Polymorphonuclear neutrophils are traditionally regarded as professional phagocytic and acute inflammatory cells that engulf the microbial pathogens (3). As an innate immune system response, antigen presentation triggers the adaptive immune system to activate cytotoxic T lymphocytes and induce B lymphocytes to secrete specific antibodies. Upon activation, neutrophils extruded their nuclear DNA and histones in association with the attached granule proteins to form neutrophil extracellular traps (NETs) to trap the environmental foreign invaders (4). However, granule proteins not only contribute to killing bacteria within the phagosome, but also are capable of inflicting tissue damage (5), which prompted us to explore the interaction of neutrophil granule proteins with adaptive immune cells and their contribution to sepsis-associated immunosuppression.
Pyroptosis is a type of programmed cell death mediated by caspase-dependent activation of members of the gasdermin family and inflammasome formation (6). In patients with sepsis, pyroptosis is observed in multiple immune cells (7). Our previous study revealed that a reduction in CD4^+^ T cells is central to the immunosuppression phase of sepsis and that the canonical pyroptosis pathway obliterates CD4^+^ T cells (8). NETs have already been verified to interact with the NLRP3 inflammasome in septic lung injury (9, 10). In this research, we aimed to explore the relationship between neutrophil granule proteins and sepsis-associated lymphopenia (SAL) and its interaction with CD4^+^ T-cell pyroptosis. We hypothesized that the level of neutrophil granule proteins may reflect the occurrence of SAL through the pyroptosis pathway of CD4^+^ T cells.
Materials and methods
Patients and study design
A prospective study was performed from May 2022 to October 2023 in the Department of Critical Care Medicine of Peking Union Medical College Hospital (PUMCH). The PUMCH institutional Ethic Committee approved this study (approval number JS-1170), and all patients enrolled in this study signed informed consent. The study was registered at the Chinese Clinical Trial Registry (ChiCTR-ROC-17010750).
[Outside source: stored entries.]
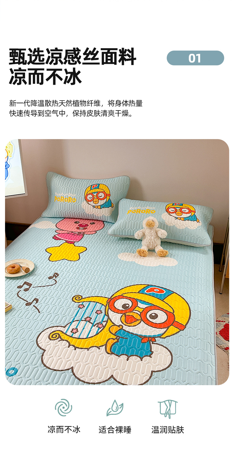 商品名称:金爱家2025新款啵乐乐乳胶凉席 凉席音乐派对
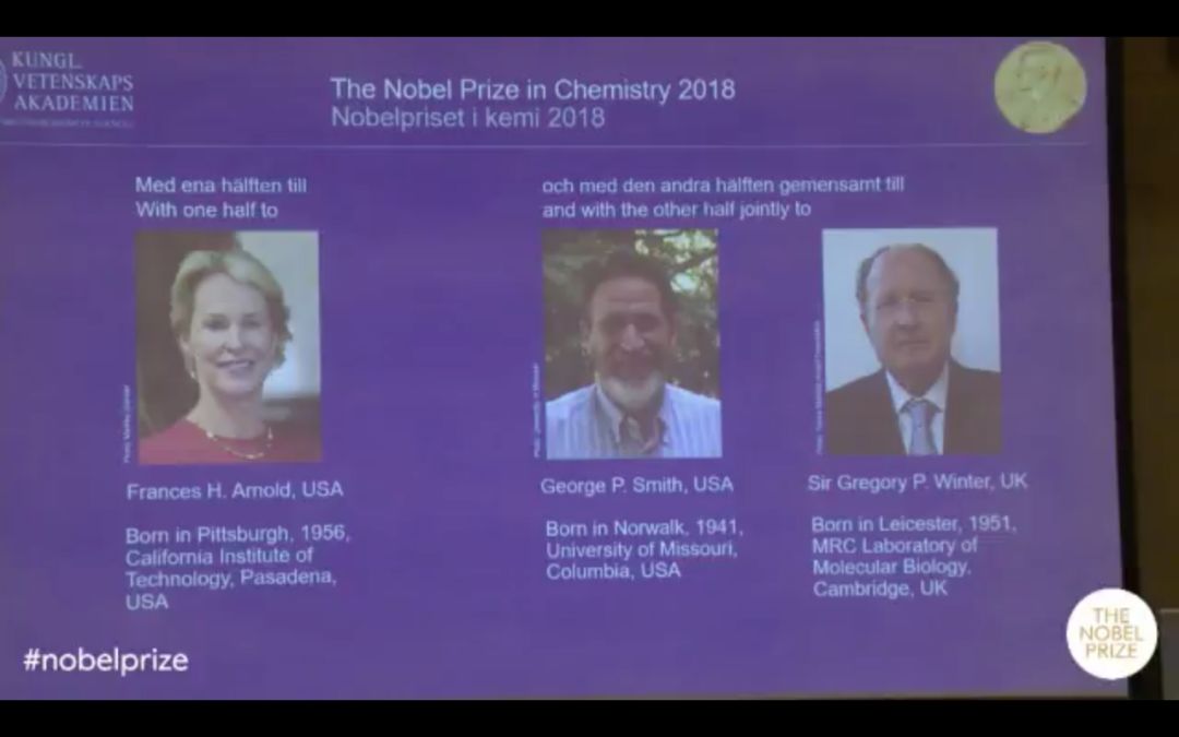 10月3日,2018年諾貝爾化學獎揭曉,加州理工學院科學家弗朗西斯·阿諾德、密蘇裏大學科學家喬治·史密斯及劍橋大學MRC分子生物實驗室格雷格·保羅·溫特獲得2018諾貝爾化學獎,以表彰他們 “肽類和抗體的噬菌體展示技術”的貢獻。
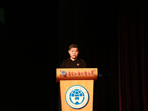 本网讯 2017年10月19日,广东外语外贸大学信息科学与技术学院2017年“挑战杯”竞赛暨第十一届科技创新实践月开幕式于南校区B8学术报告厅成功举行。出席本次开幕式的嘉宾有:腾科网络总裁唐慧,广东外语外贸大学团委书记苏奕,就业指导中心主任谢秀兰,学生处副处长国佳,英语教育学院党委副书记徐昶斌,艺术学院党委副书记张莉,信息科学与技术学院院长蒋盛益,党委书记敖湘晖,副院长柯晓华、高东发、谢柏林,党委副书记麦培年,以及信息学院各系主任、辅导员、其他兄弟学院团委书记等以及学生代表580余人出席本次开幕。
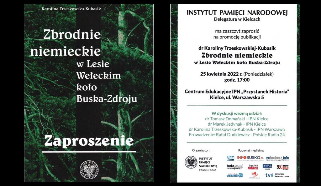 W poniedziałek, 25 kwietnia o godz. 17:00 w Kielcach, w Centrum Edukacyjnym IPN ” Przystanek Historia” przy ul. Warszawskiej 5♂,  odbędzie się promocja najnowszego dzieła pani dr Karoliny Trzeskowskiej – książki „Zbrodnie niemieckie w Lesie Wełeckim koło Buska-Zdroju”. Publikacja powstała w ramach projektu IPN pt. „Terror okupacyjny na ziemiach polskich w latach 1939-1945”, ukazała się nakładem Wydawnictwa Instytutu Pamięci Narodowej.

The inclusion criteria were as follows: (1) ≥ 18 years old, (2) ICU (intensive care unit) stay time over 1 day, and (3) diagnosis of sepsis (see below). Patients had basic immunological diseases or malignant tumors were excluded. Sepsis was diagnosed according to the definition of the Third International Consensus (1); lymphopenia was diagnosed if the total lymphocyte count was < 1.1 × 10^9^/L according to the 2022 SAI expert consensus (11).
Outcome
Basic clinical evaluation and laboratory characteristics were collected on the first day of ICU admission. Basic clinical data, including age, sex, and basic information on immunological diseases and malignant tumors, were collected. Laboratory characteristics such as routine blood biochemistry, immunological parameters such as the peripheral blood lymphocyte count and lymphocyte subset counts, the SOFA (Sequential Organ Failure Assessment) score, and the APACHE (Acute Physiology and Chronic Health Evaluation) II score were recorded. Information on life-sustaining treatment, including the need for mechanical ventilation and renal replacement, was recorded. The follow-up data were 28-day mortality rate and ICU stay time.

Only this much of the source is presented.